### [GIVEN MATERIAL]
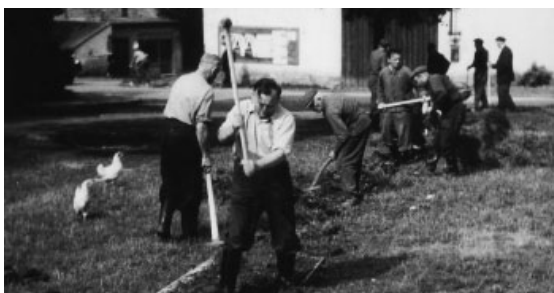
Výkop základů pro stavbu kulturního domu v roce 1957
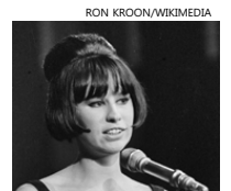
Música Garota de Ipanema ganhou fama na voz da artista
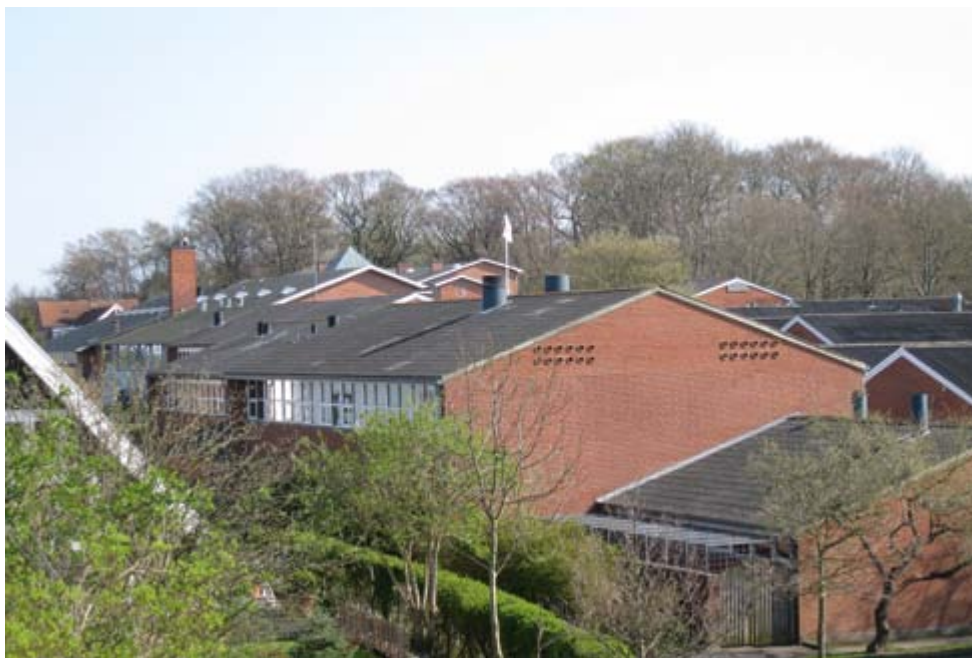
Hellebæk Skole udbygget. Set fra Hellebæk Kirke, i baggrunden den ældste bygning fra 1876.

### [YOUR ASSIGNMENT]
Set down the full listing above with its wording unchanged. Leave out its images.

### [YOUR RESPONSE]
Výkop základů pro stavbu kulturního domu v roce 1957
Música Garota de Ipanema ganhou fama na voz da artista
Hellebæk Skole udbygget. Set fra Hellebæk Kirke, i baggrunden den ældste bygning fra 1876.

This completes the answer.